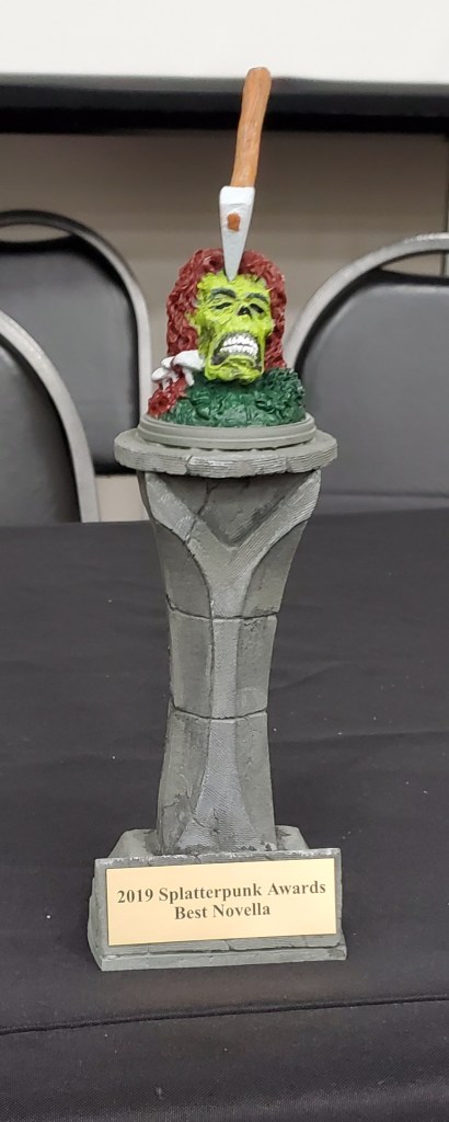 And then Saturday happened. I had been waiting for last Saturday for a very long time, at least since the Splatterpunk Awards were first created back in 2018. I’m so grateful that we in the horror genre finally have an award that celebrates extreme and splatterpunk horror, two sub categories that are mostly looked over by the mainstream. After seeing those awards in person last year at KillerCon in Austin, I knew I had to have one eventually. My wife, Katie, who is the wonderful host of the Make Me Read Your Book Podcast, was used as the statue presenter at the ceremony last year, and she let me see the award up close. But I refused to touch it, just like NHL players and fans to do the Stanley Cup before their teams win it all. I was incredibly fortunate and grateful to have not one, but two nominations this year for both ONE FOR THE ROAD in the novella category and RESISTING MADNESS in the collection category. I never honestly thought I would win either, my mind already picking who I thought was going to take them. If anyone was actually watching the ceremony online, my reaction was absolutely genuine. I was completely shocked, and to be honest I still am. I’m grateful to everyone who nominated my work and to the judges for choosing my werid little novella. If you weren’t able to watch, here’s a copy of my speech I read (stuttered and cried through) below:
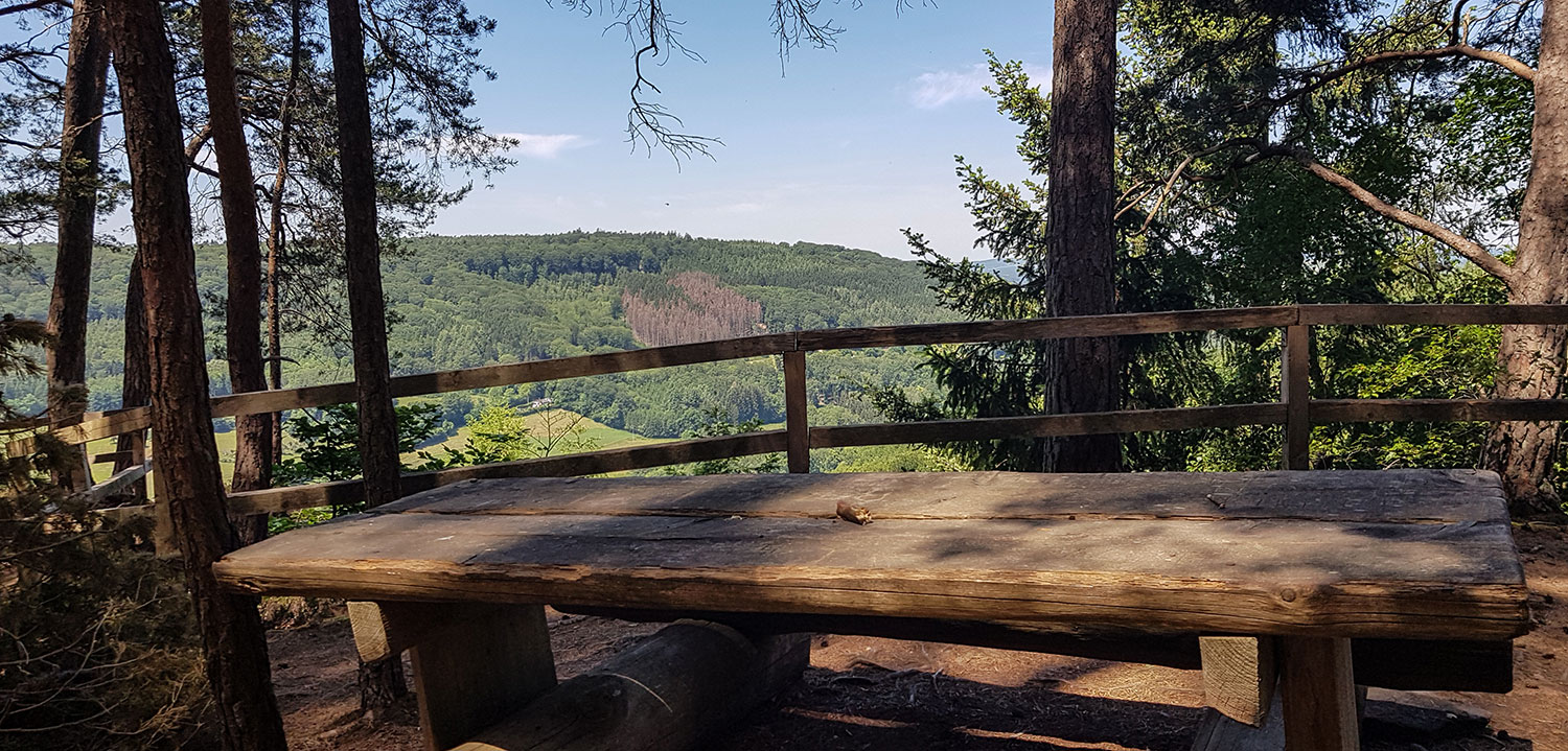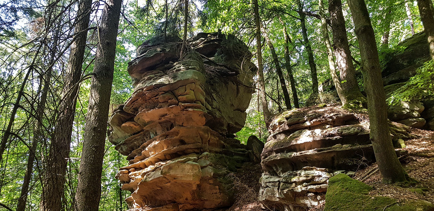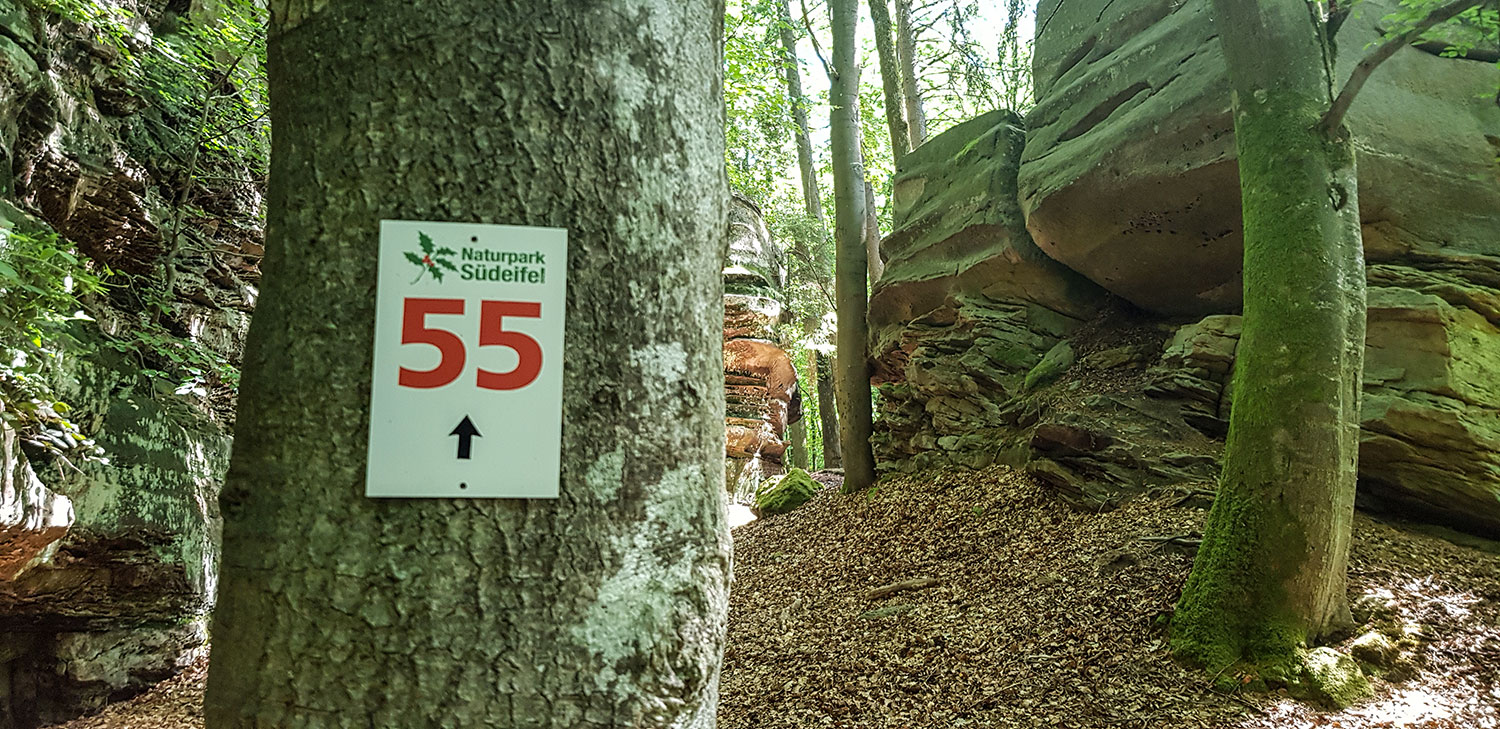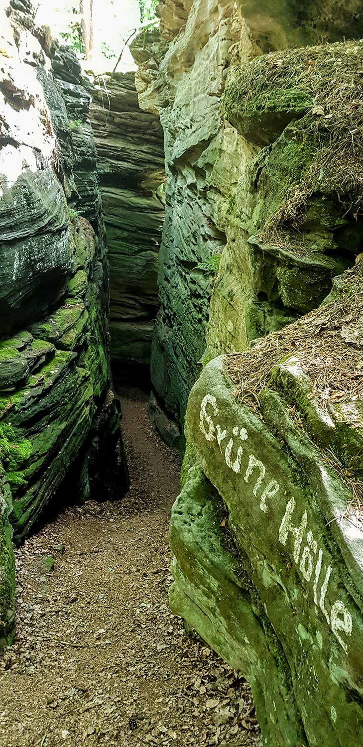 Die Wanderung rund um die Grüne Hölle von Bollendorf ist ein Klassiker und bringt unvergessliche Eindrücke. Bizarre Felse, enge Schluchten und schöne Aussichtspunkte liegen auf dem Weg. Vom Wanderparkplatz geht es zunächst den Schotterweg und später durch den Hohlweg bergauf. Vor der Schutzhütte wendest du dich rechts und folgst der Doppel 55 oder den Hinweisschildern der Audiotour. Die gute Beschilderung führt einmal rund um den Weitberg bis wieder zurück zum Ausgangspunkt. Unterwegs gibt es genügend Ruhebänke und schöne Rastplätze.
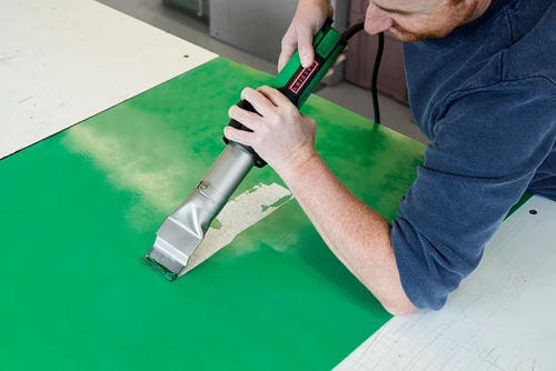 En kraftig varmepistol kræver også en stærk blæsemotor og netop blæsemotoren er en af de dele LEISTER har haft fokus ved udviklingen af Electron ST. Det er lykkedes at udvikle en slank kraftfuld motor og derved har man været i stand til, at reducere diameteren på det grønne motorhus og derved fået et betydeligt mere ergonomisk greb eller motorhus.
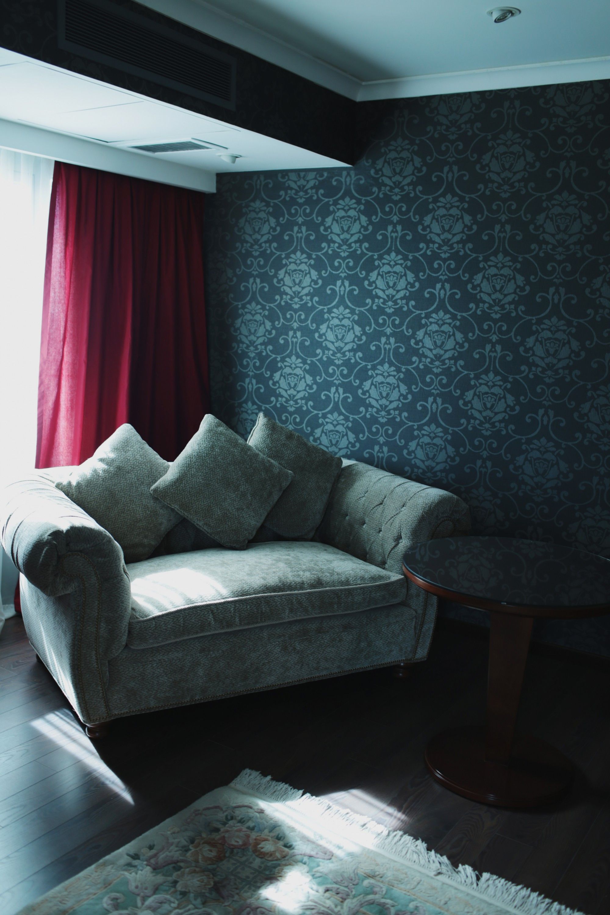 Todo el ambiente está empapelado de color gris grafito, lo que hace que los brillos y dorados resalten. Su diseño está compuesto por una gran alfombra clara con dibujos de hojas y flores de gran impacto que logra aclarar el espacio. Alrededor grandes sillones que invitan a relajarse con vista a la montaña. La sala de estar se encuentra ubicada en el centro del espacio.
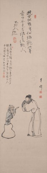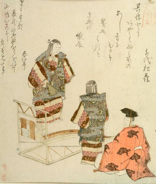Editor: Hokuba’s *Scene from a NÅ Play* is captivating. The robes, the expressions, and the text above—it all feels very performative and theatrical, like a staged moment. What can you tell me about the cultural context of this work? Curator: It’s intriguing, isn’t it? These prints, often commissioned by poetry clubs, weren’t just decorative; they served as vital documents of literary and theatrical culture. Consider how the artist positions the figures and incorporates text. Editor: So, it's about more than just the image itself? Curator: Absolutely! The print captures a social event, a merging of artistic practices. It’s a window into the cultural life of the time. Editor: Fascinating! It makes me appreciate the print on a much deeper level. Curator: Indeed. Understanding the context unlocks a richer appreciation for the artwork.
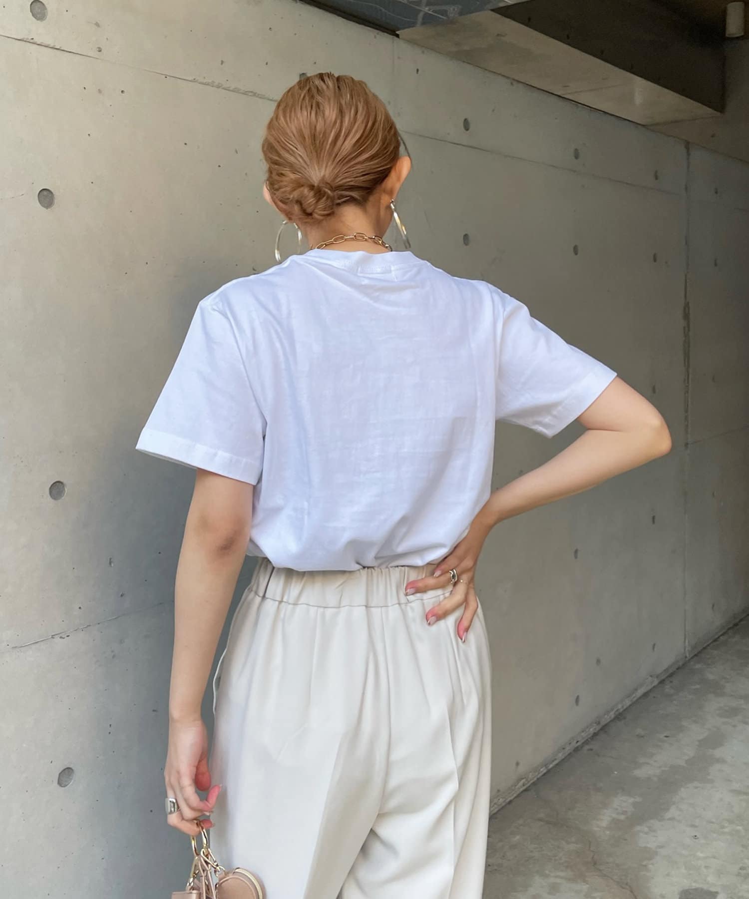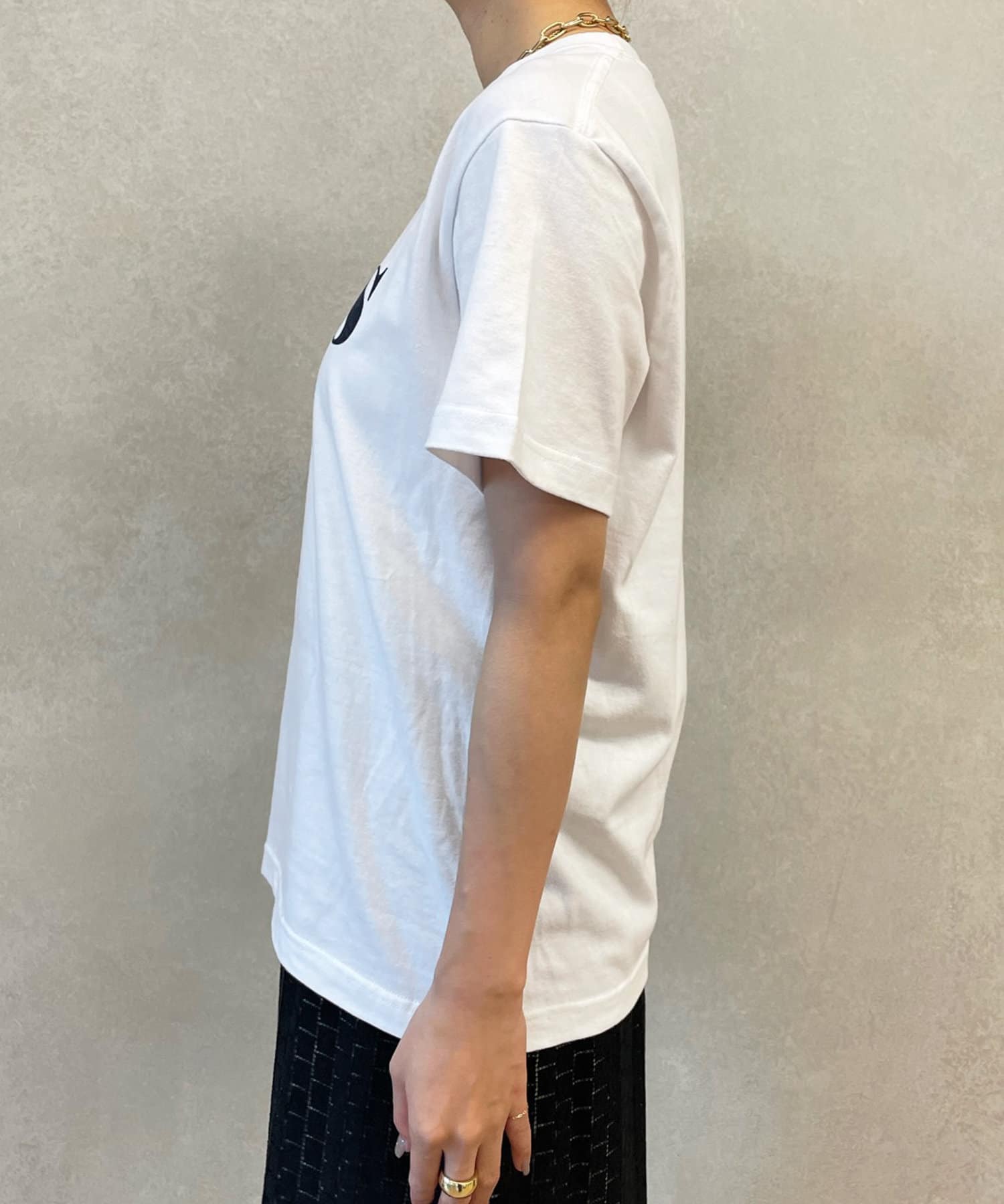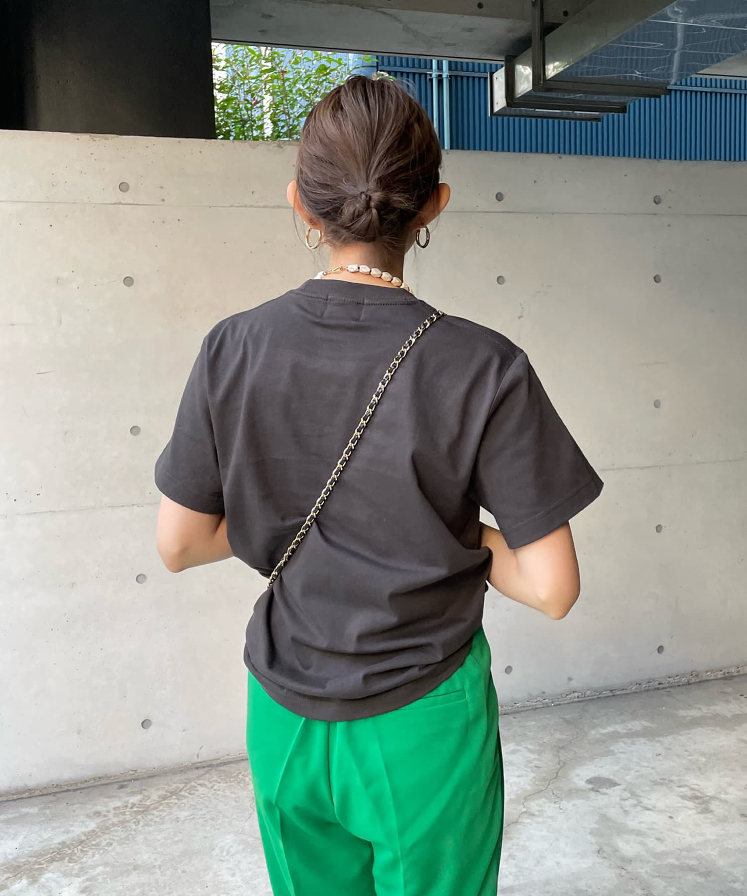 ロゴの何とも言えない可愛さと、コンパクトなサイズ感がカジュアルになり過ぎず、大人なスタイリングにもマッチして着ていただけます。
* * * * * * * * *
An exact, word-for-word copy of the records is expected, with no pictures in it.

 And then Saturday happened. I had been waiting for last Saturday for a very long time, at least since the Splatterpunk Awards were first created back in 2018. I’m so grateful that we in the horror genre finally have an award that celebrates extreme and splatterpunk horror, two sub categories that are mostly looked over by the mainstream. After seeing those awards in person last year at KillerCon in Austin, I knew I had to have one eventually. My wife, Katie, who is the wonderful host of the Make Me Read Your Book Podcast, was used as the statue presenter at the ceremony last year, and she let me see the award up close. But I refused to touch it, just like NHL players and fans to do the Stanley Cup before their teams win it all. I was incredibly fortunate and grateful to have not one, but two nominations this year for both ONE FOR THE ROAD in the novella category and RESISTING MADNESS in the collection category. I never honestly thought I would win either, my mind already picking who I thought was going to take them. If anyone was actually watching the ceremony online, my reaction was absolutely genuine. I was completely shocked, and to be honest I still am. I’m grateful to everyone who nominated my work and to the judges for choosing my werid little novella. If you weren’t able to watch, here’s a copy of my speech I read (stuttered and cried through) below:
 Die Wanderung rund um die Grüne Hölle von Bollendorf ist ein Klassiker und bringt unvergessliche Eindrücke. Bizarre Felse, enge Schluchten und schöne Aussichtspunkte liegen auf dem Weg. Vom Wanderparkplatz geht es zunächst den Schotterweg und später durch den Hohlweg bergauf. Vor der Schutzhütte wendest du dich rechts und folgst der Doppel 55 oder den Hinweisschildern der Audiotour. Die gute Beschilderung führt einmal rund um den Weitberg bis wieder zurück zum Ausgangspunkt. Unterwegs gibt es genügend Ruhebänke und schöne Rastplätze.
 En kraftig varmepistol kræver også en stærk blæsemotor og netop blæsemotoren er en af de dele LEISTER har haft fokus ved udviklingen af Electron ST. Det er lykkedes at udvikle en slank kraftfuld motor og derved har man været i stand til, at reducere diameteren på det grønne motorhus og derved fået et betydeligt mere ergonomisk greb eller motorhus.
 Todo el ambiente está empapelado de color gris grafito, lo que hace que los brillos y dorados resalten. Su diseño está compuesto por una gran alfombra clara con dibujos de hojas y flores de gran impacto que logra aclarar el espacio. Alrededor grandes sillones que invitan a relajarse con vista a la montaña. La sala de estar se encuentra ubicada en el centro del espacio.
Editor: Hokuba’s *Scene from a NÅ Play* is captivating. The robes, the expressions, and the text above—it all feels very performative and theatrical, like a staged moment. What can you tell me about the cultural context of this work? Curator: It’s intriguing, isn’t it? These prints, often commissioned by poetry clubs, weren’t just decorative; they served as vital documents of literary and theatrical culture. Consider how the artist positions the figures and incorporates text. Editor: So, it's about more than just the image itself? Curator: Absolutely! The print captures a social event, a merging of artistic practices. It’s a window into the cultural life of the time. Editor: Fascinating! It makes me appreciate the print on a much deeper level. Curator: Indeed. Understanding the context unlocks a richer appreciation for the artwork.
 ロゴの何とも言えない可愛さと、コンパクトなサイズ感がカジュアルになり過ぎず、大人なスタイリングにもマッチして着ていただけます。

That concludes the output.